*** Opening Input material ***

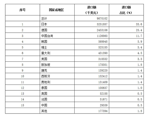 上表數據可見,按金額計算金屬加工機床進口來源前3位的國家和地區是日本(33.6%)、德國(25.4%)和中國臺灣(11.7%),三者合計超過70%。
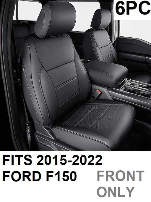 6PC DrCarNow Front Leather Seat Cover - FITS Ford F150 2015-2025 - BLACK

*** Closing Input material ***
*** Opening Input material ***

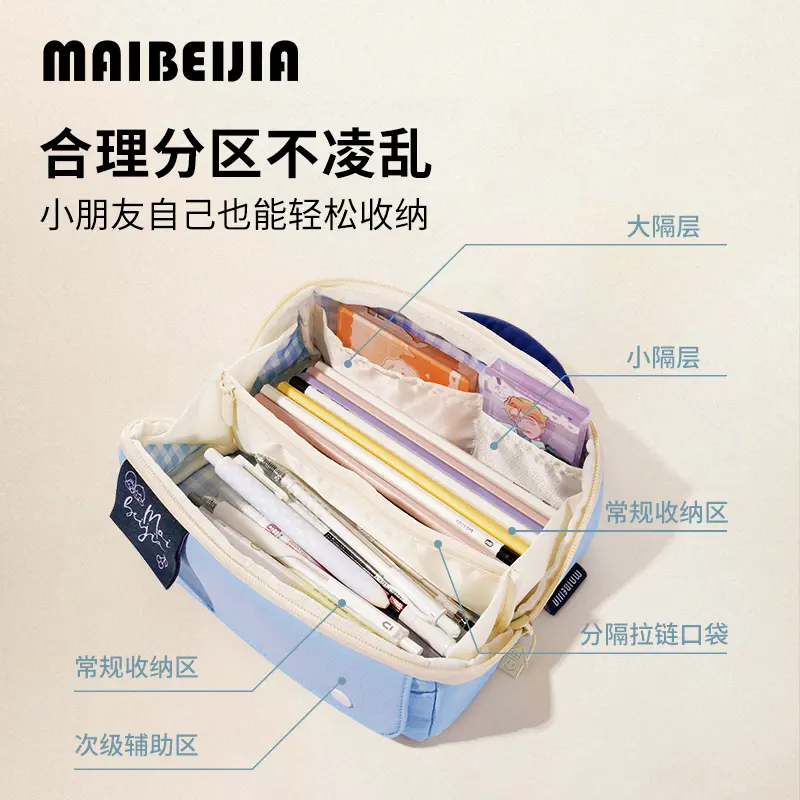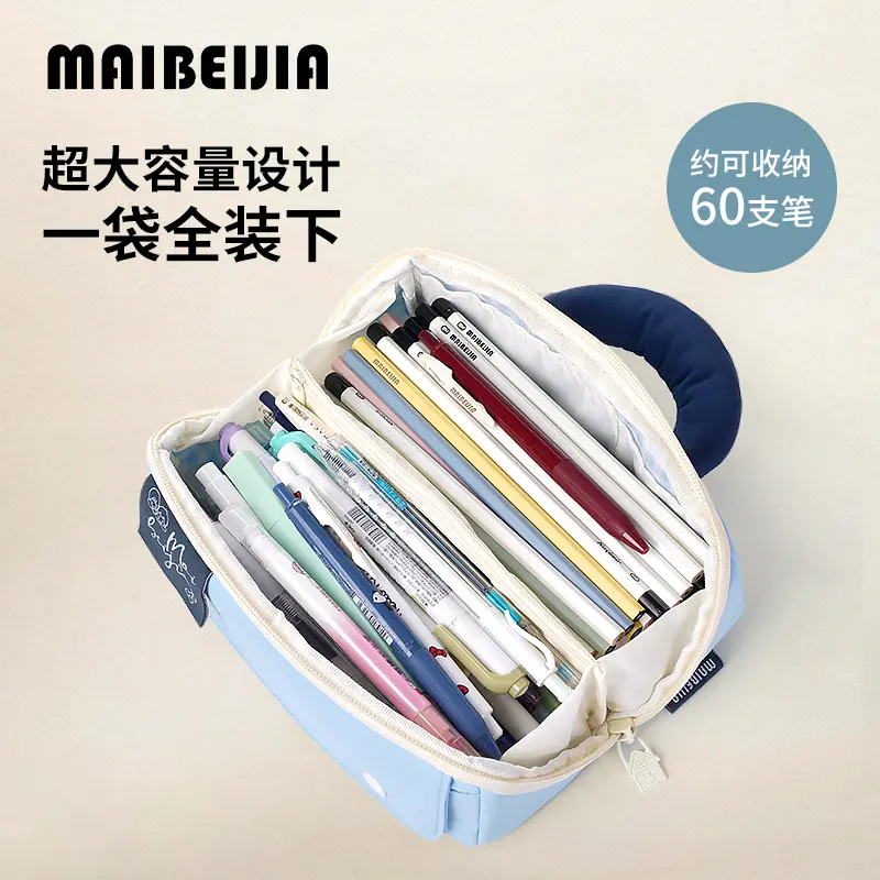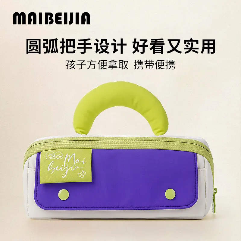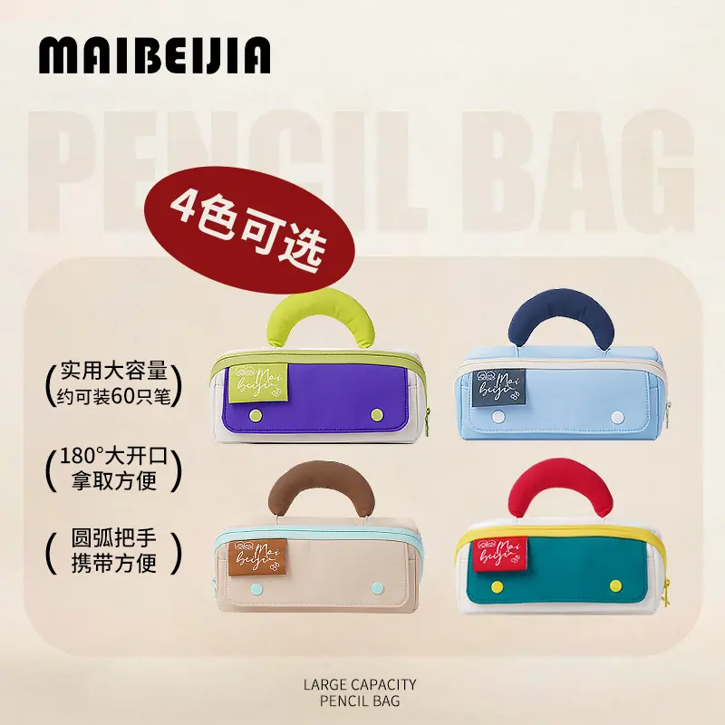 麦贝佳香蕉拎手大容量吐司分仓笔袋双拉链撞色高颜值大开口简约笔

*** Closing Input material ***
*** Opening Input material ***

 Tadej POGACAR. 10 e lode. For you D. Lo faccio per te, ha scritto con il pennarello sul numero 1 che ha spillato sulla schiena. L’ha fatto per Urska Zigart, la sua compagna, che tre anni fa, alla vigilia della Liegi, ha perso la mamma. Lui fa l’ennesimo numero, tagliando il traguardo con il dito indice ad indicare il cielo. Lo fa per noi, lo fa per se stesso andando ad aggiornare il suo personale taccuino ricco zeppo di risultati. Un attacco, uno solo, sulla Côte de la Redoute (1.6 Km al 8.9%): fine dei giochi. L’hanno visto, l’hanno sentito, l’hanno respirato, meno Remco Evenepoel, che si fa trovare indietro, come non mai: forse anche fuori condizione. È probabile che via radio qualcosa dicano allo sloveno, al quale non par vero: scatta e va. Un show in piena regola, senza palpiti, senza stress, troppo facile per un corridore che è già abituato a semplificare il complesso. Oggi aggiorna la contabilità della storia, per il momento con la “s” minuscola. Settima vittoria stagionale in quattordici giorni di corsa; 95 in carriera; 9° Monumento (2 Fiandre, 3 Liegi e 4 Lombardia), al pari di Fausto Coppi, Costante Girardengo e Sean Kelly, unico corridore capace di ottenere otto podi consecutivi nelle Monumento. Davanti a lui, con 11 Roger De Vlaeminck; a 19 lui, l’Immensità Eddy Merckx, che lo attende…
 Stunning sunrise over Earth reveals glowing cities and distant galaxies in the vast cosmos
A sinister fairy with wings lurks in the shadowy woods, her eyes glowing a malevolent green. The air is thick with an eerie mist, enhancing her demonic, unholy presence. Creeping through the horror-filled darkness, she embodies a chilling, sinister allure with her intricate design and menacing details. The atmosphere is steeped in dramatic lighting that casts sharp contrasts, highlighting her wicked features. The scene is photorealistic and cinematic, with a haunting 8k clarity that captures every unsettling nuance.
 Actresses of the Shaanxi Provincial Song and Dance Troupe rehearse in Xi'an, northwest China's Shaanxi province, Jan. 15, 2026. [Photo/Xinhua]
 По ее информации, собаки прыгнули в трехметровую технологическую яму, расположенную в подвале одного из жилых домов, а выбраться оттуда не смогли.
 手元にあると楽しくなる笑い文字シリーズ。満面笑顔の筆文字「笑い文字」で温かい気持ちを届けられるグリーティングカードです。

*** Closing Input material ***

# [What to work on]
Your answer must be every line from the listing above that holds the string "glowing".

# [Your response]
 Stunning sunrise over Earth reveals glowing cities and distant galaxies in the vast cosmos
A sinister fairy with wings lurks in the shadowy woods, her eyes glowing a malevolent green. The air is thick with an eerie mist, enhancing her demonic, unholy presence. Creeping through the horror-filled darkness, she embodies a chilling, sinister allure with her intricate design and menacing details. The atmosphere is steeped in dramatic lighting that casts sharp contrasts, highlighting her wicked features. The scene is photorealistic and cinematic, with a haunting 8k clarity that captures every unsettling nuance.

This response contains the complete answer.